Nota mental: toca ya hacer la limpieza/orden anual del armario de lanas



 En esta foto se aprecia la zona que os acabo de enseñar un poco más de cerca. Arriba de la estantería de los libros y del armario de las lanas están todas las cajas que uso para guardar menaje variado: restos de lanas, telas, material para teñir y otras mierdas que no tienen cabida en otro sitio.



Y esta es la zona para tejer, propiamente, que queda a mano derecha entrando a la habitación y que no puede verse en la primera foto.

En la cajonera tan grande guardo todas las piezas que tengo tejidas a mano: guantes y gorros arriba, jerseys, chales/bufandas y calcetines, en ese orden. En el último de todos están las piezas que necesitan arreglos y los paneles de bloqueo.

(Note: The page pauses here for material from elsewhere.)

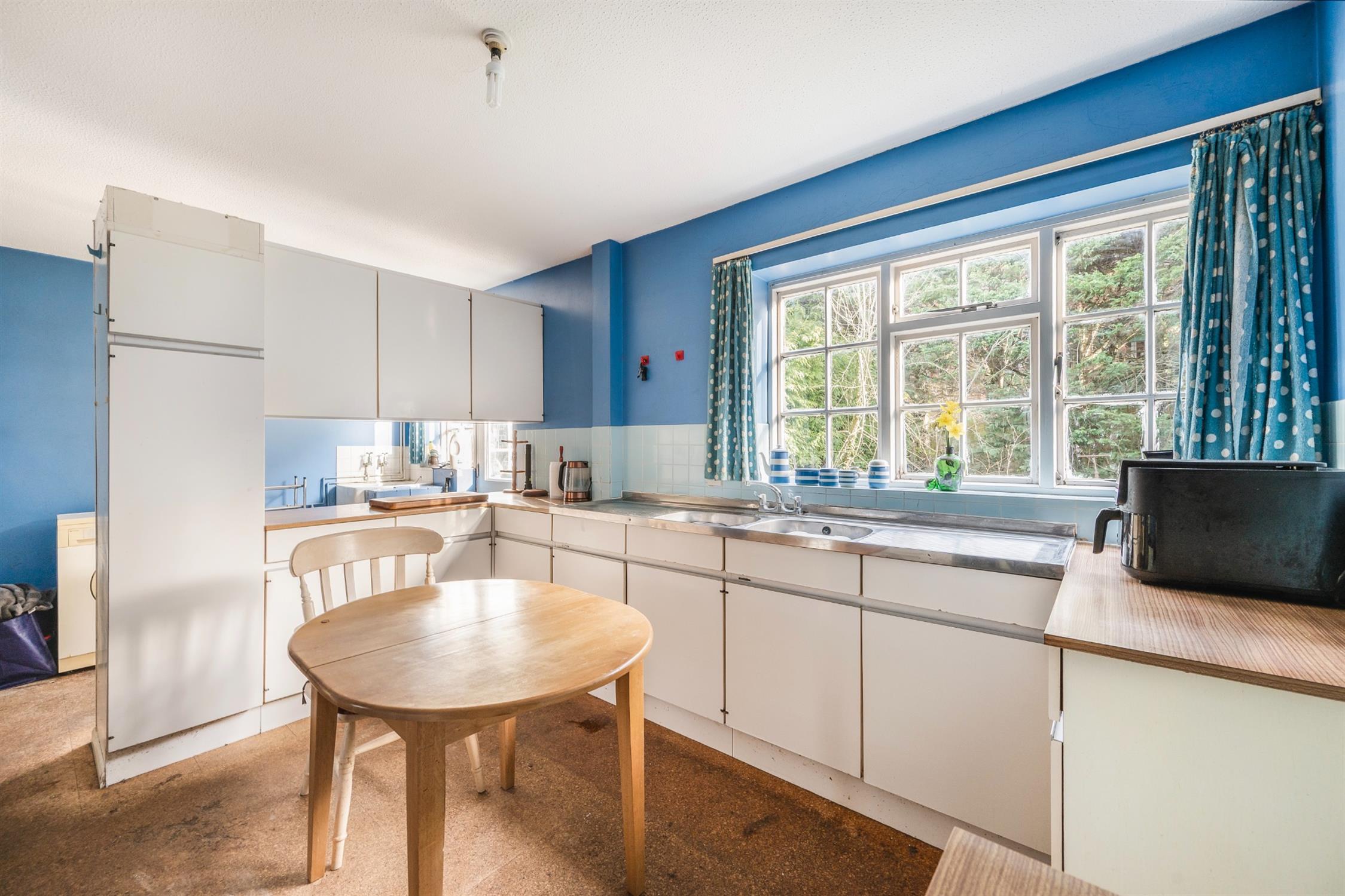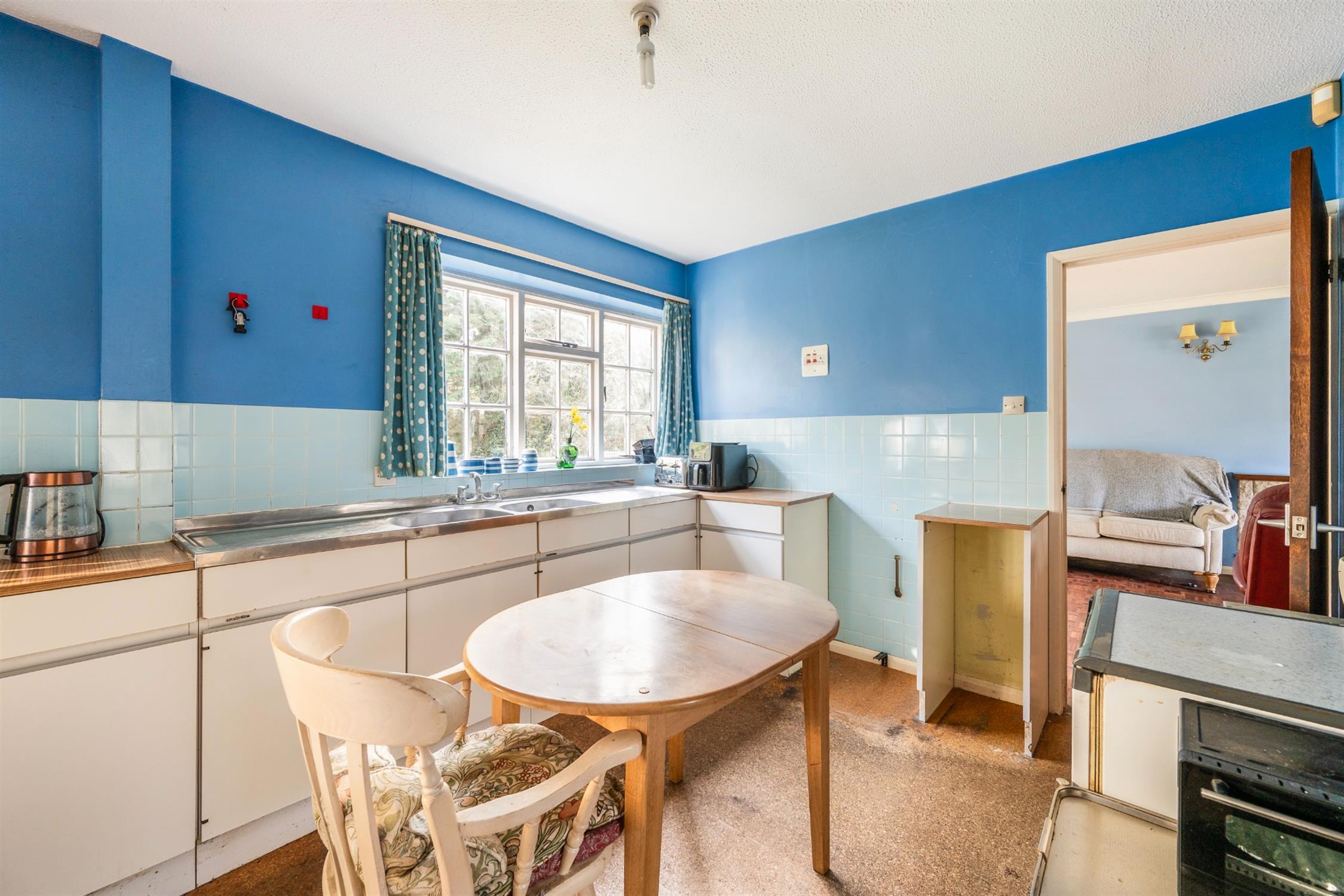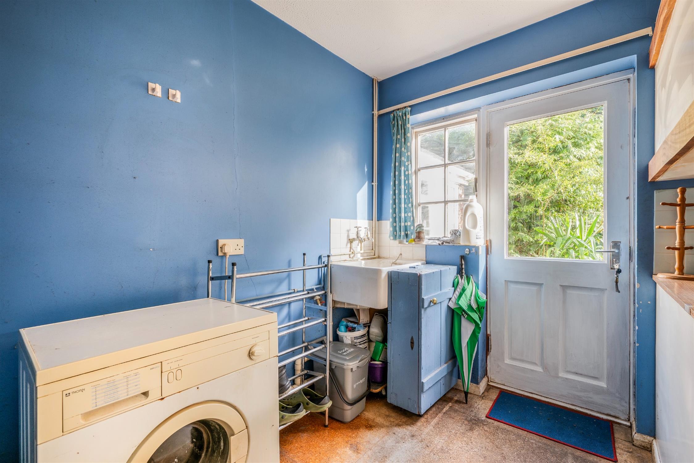 Gas point (currently capped) for oven. A section of the room has been fitted as a utility room with butler sink and piping for utilities. Door to the rear garden.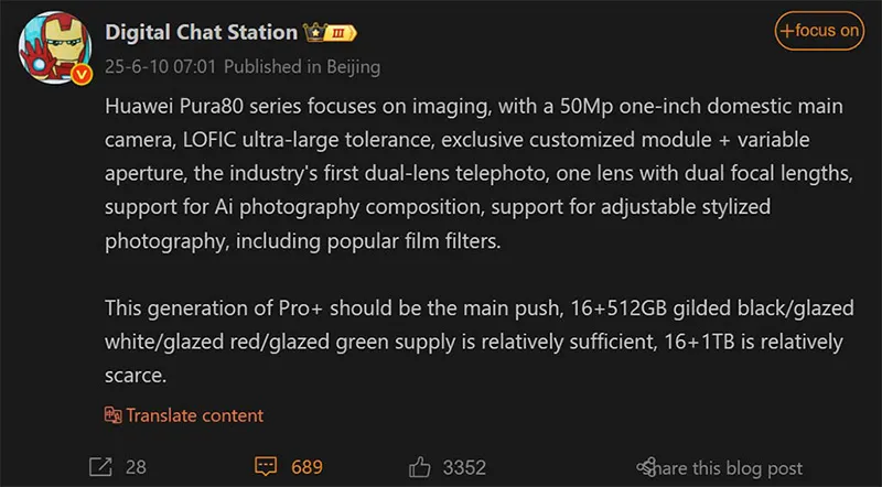 Huawei Pura 80 Pro+ ទំនងជានឹងមានការប្រើប្រាស់រ៉េម 16GB និងម៉េមូរី 1TB

Arriba hay una cesta con las prendas pendientes de bloqueo y lavado, así como una caja y una cesta donde hay hilos de bordar y punto de cruz.

La butaca es, en realidad, una mecedora. Para tejer solamente la he usado una vez, ahora al peque le encanta usarla para sentarse a mirar cuentos.

Al lado de la mecedora tengo una cesta con proyectos en marcha, pero solamente los que no estoy tejiendo actualmente, porque esos los tengo en el comedor.

Por último, en el huequecín que hay entre la cómoda y la pared, están las blocking wires y los papeles de regalo.

Y eso es todo, de momento, mucho por desear. No sé cuánto tiempo me queda con él, pero mientras tanto tengo que disfritarlo más de lo que lo he hecho hasta ahora.

No me despido sin antes dejaros un vídeo de lo que estaba ocurriendo a mi alrededor mientras intentaba hacer fotos.

Behind the scenes:


video

lunes, 20 de febrero de 2017

Geek Socks

Esta semana alguien que no lo sabe va a recibir estos calcetines.



No puedo decir quién porque a lo mejor lee esta entrada así que, ¡sorpresa!

He disfrutado de cada minuto de estos calcetines, desde el mismo momento en el que mi corazón me pidió hacerlos hasta que preparé cada detalle que los acompaña.

Son una gozada de  tejer, fáciles y rápidos (los he tejido en menos de un mes, a ratos, ni yo misma me lo creo), preciosos y muy muy muy adictivos.

Espero, de corazón, que la receptora los acoja con gusto.

Detalles, aquí.

lunes, 13 de febrero de 2017

Tejiendo en febrero

Puedo decir con orgullo que últimamente estoy sacando bastante tiempo para tejer. A días más, a días menos, no depende de mí. Pero sí que me gestiono mejor y, por eso, he podido adelantar bastante. Sigo tejiendo sólo 3 proyectos a la vez.

Manta multicolor:



Mi proyecto de fines de semana, aunque llevo un par de semanas sin tocarla por diversos motivos. Después de sondear opiniones por aquí, decidí que no podía ser una buena manta para que el vikingo se llevara a hacer la siesta al cole, así que seguramente gobernará su cama de "niño mayor", si es que ese día llegara. Para el cole está usando esta tan bonita que le tejió Naderiadefil cuando yo estaba embarazada. Y la nuestra, de colorines, avanza ya sin prisa.

Geek Socks:



Oh my Dog, estos estan siendo LOS CALCETINES. Los estoy tejiendo tan a gusto y tan rápido, qué manera de disfrutar tejiendo! Y lo mejor de ellos aún está por llegar... pero no puedo decir nada más. Son mi proyecto viajero.

Afmaeli:



Es mi proyecto del día a día, el que sólo saco cuando tengo un rato entre el estrés de la semana, por eso no voy muy avanzada. Muchas de mis compañeras del KAL han terminado o están a punto, yo justo acabo de empezar las mangas (las dos a la vez, por supuesto).